Requirements (mandatory)
Functional Requirements
- FR-001: Provide explicit proxy and cache interfaces describing the operations (request admission, upstream fetch, cache read/write/invalidation, observability hooks) that every hub-specific module must implement.
- FR-002: Restructure the codebase so each hub type registers a single module directory that owns both proxy and cache behaviors (optional internal subpackages allowed) while sharing only the common interfaces; no hub-specific logic may leak into the shared adapters.
- FR-003: Implement a registry or factory that maps the
config.tomlhub definition to the corresponding proxy/cache module and fails validation if no module is found. - FR-004: Allow hub-level overrides for cache behaviors (TTL, validation strategy, disk layout) that modules can opt in to, with documented defaults and validation of allowed ranges.
- FR-005: Maintain backward compatibility by providing a legacy adapter that wraps the existing shared proxy/cache until all hubs migrate, including feature flags to switch per hub.
- FR-006: Ensure runtime telemetry (logs, metrics, tracing spans) include the module identifier so operators can attribute failures or latency to a specific hub module.
- FR-007: Deliver migration guidance and developer documentation outlining how to add a new module, required tests, and expected directory structure.
- FR-008: Update automated tests (unit + integration) so each module can be exercised independently and regression suites cover mixed legacy/new deployments.
Key Entities (include if feature involves data)
- Hub Module: Represents a cohesive proxy+cache implementation for a specific ecosystem; attributes include supported protocols, cache strategy hooks, telemetry tags, and configuration constraints.

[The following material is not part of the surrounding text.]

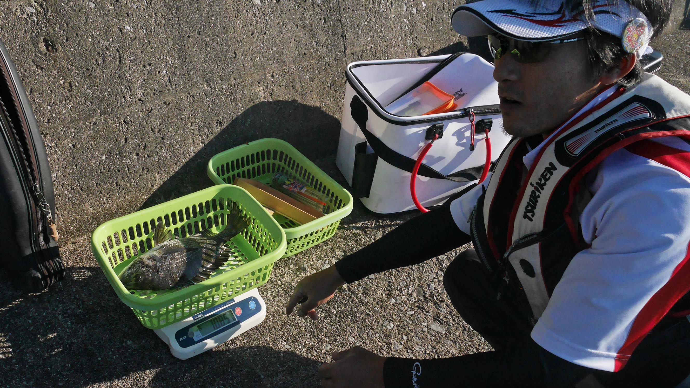 今回の大会はチヌの総重量を競うもので、横一文字の中央付近が会場になりました。検量は釣り場で行ってその後はリリースが基本。他魚での釣果で予選突破を狙っていたのですが、青物は回遊しておらず、マダイ狙いで9時30頃から釣り始めたものの、10時を回ると北東の風に遠投を封じ込まれ一時間でリタイヤ。

- Module Registry: Describes the mapping between hub names/types in config and their module implementations; stores module metadata (version, status, migration flag) for validation and observability.

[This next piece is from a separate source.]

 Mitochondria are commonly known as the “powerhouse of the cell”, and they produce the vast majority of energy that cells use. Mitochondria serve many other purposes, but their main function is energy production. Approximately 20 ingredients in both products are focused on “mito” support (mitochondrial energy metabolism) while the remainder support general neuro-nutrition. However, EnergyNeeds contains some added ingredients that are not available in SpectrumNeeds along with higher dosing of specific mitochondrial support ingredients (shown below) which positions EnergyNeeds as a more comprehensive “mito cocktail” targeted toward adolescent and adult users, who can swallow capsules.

- Cache Strategy Profile: Captures the policy knobs a module exposes (TTL, validation method, disk layout, eviction rules) and the allowed override values defined per hub.
Assumptions
- Existing hubs (npm, Docker, PyPI) will be migrated sequentially; legacy adapters remain available until the last hub switches.
- Engineers adding a new hub type can modify configuration schemas and documentation but not core runtime dependencies.

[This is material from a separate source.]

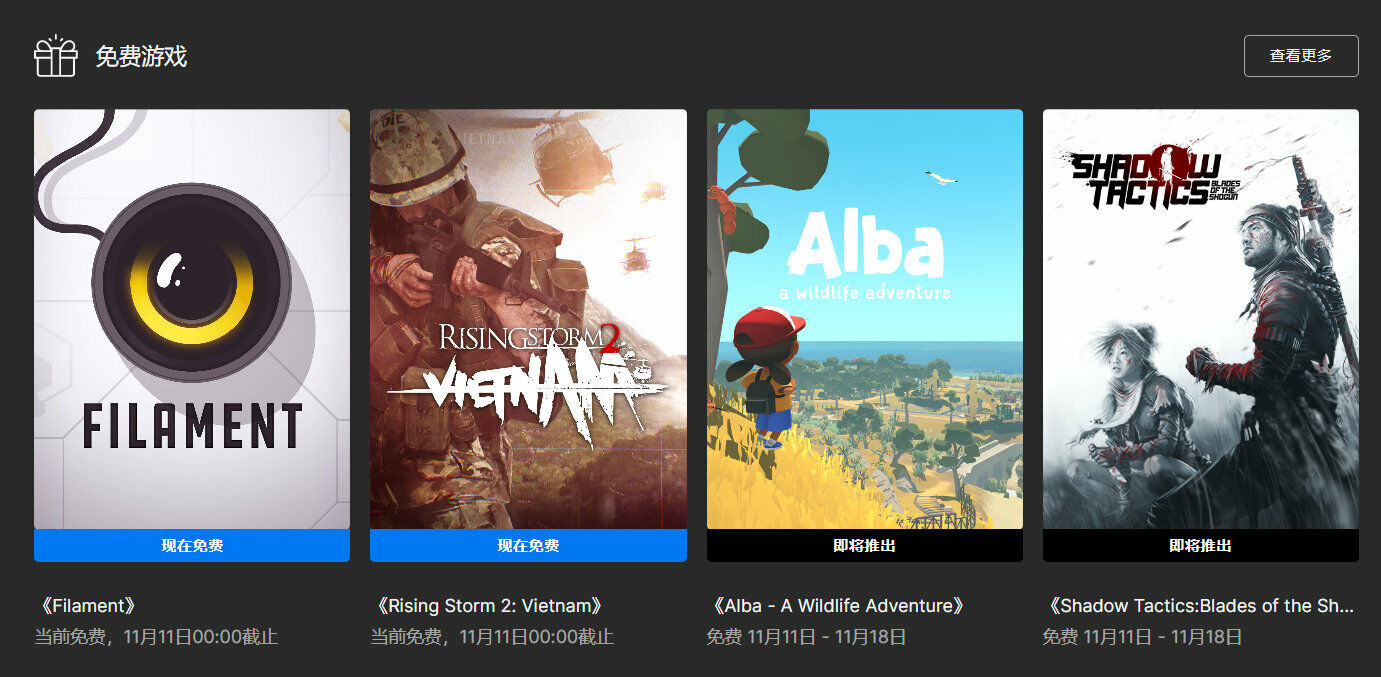 【喜加一】Epic喜加二,《风起云涌2:越南》和《Filament》免费领

- Telemetry stack (logs/metrics) already exists and only requires additional tags; no new observability backend is needed.
Success Criteria (mandatory)
Measurable Outcomes
- SC-001: A new hub type can be added by touching only its module directory plus configuration (≤2 additional files) and passes the module’s test suite within one working day.
- SC-002: Regression test suites show zero failing cases for unchanged hubs after enabling the modular architecture (baseline established before rollout).
- SC-003: Configuration validation rejects 100% of hubs that reference unregistered modules, preventing runtime panics in staging or production.
- SC-004: Operational logs for proxy and cache events include the module identifier in 100% of entries, enabling SREs to scope incidents in under 5 minutes.